Judge Carter, 89, was born in Florida, but his family moved to New Jersey shortly after his birth. He was raised in Newark and East Orange, and graduated from Barringer High School in Newark.
“Judge Carter is a brave champion of civil rights, whose courageous legal battle and illustrious career exemplify the qualities that have put our state at the forefront of education reform,” said Governor Jon S. Corzine, who spoke at the ceremony at the DOE building. “The dedication of this building will serve as an important reminder of his legacy and commitment to providing all of our children with nothing less than the very best.”
Also speaking at the ceremony were U.S. Representative Donald M. Payne, Secretary of State Nina Mitchell Wells, Education Commissioner Lucille E. Davy, New Jersey State Board of Education President Dr. Arnold Hyndman, New Jersey State NAACP President James Harris and Theodore M. Shaw, the Director-Counsel and President of the NAACP Legal Defense and Educational Fund, Inc.

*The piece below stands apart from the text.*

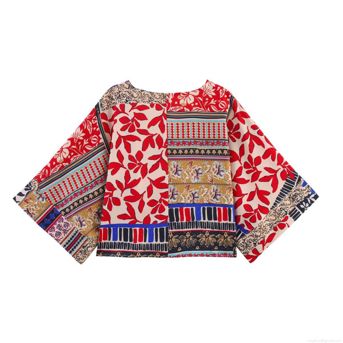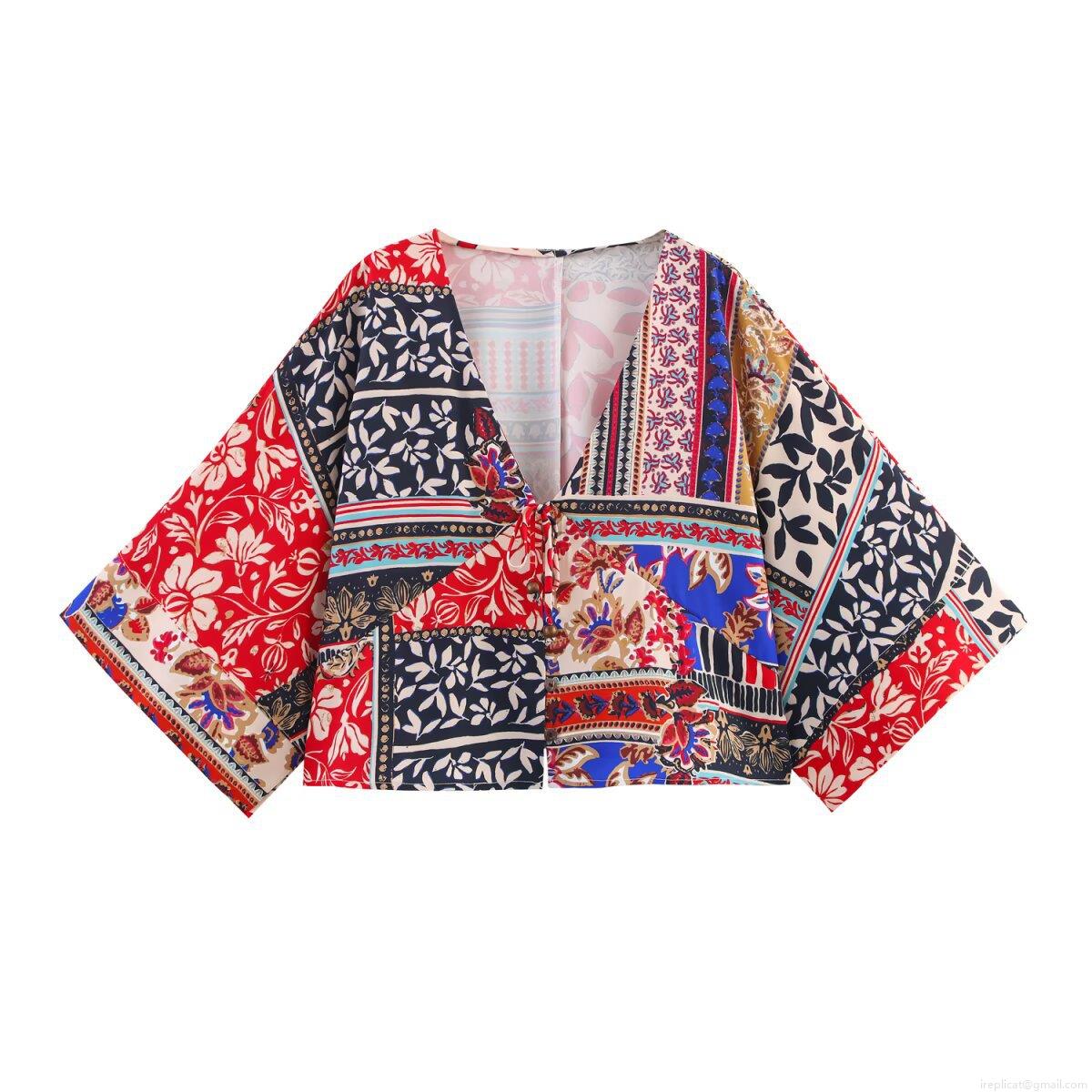 Plants And Flowers, Printing, Patchwork, V-neck, Lace, Wide-leg, Batwing Sleeves, Wooden Beads, Geometric Floral Print

A graduate of Lincoln University (which he entered at age 16), Judge Carter is also a graduate of Howard University Law School and holds a Master of Laws degree from Columbia Law School.
During his career, Judge Carter played a leading role in crafting and litigating many of the most significant legal cases of the civil rights era.
After leaving military service in 1944, he joined future U.S. Supreme Court Justice Thurgood Marshall on the NAACP legal staff. Within a year, he had become an assistant special counsel at the NAACP Legal Defense Fund and in 1956, he succeeded Marshall as general counsel to the LDF. He won 21 of the 22 cases he argued before the U.S. Supreme Court, including Brown and NAACP v. Alabama.
Judge Carter left the NAACP in 1968 to join a private law firm, but remained active in public affairs and was a co-founder of the National Conference of Black Lawyers. In 1972, President Richard M. Nixon appointed him to the federal bench, where he continues to serve today.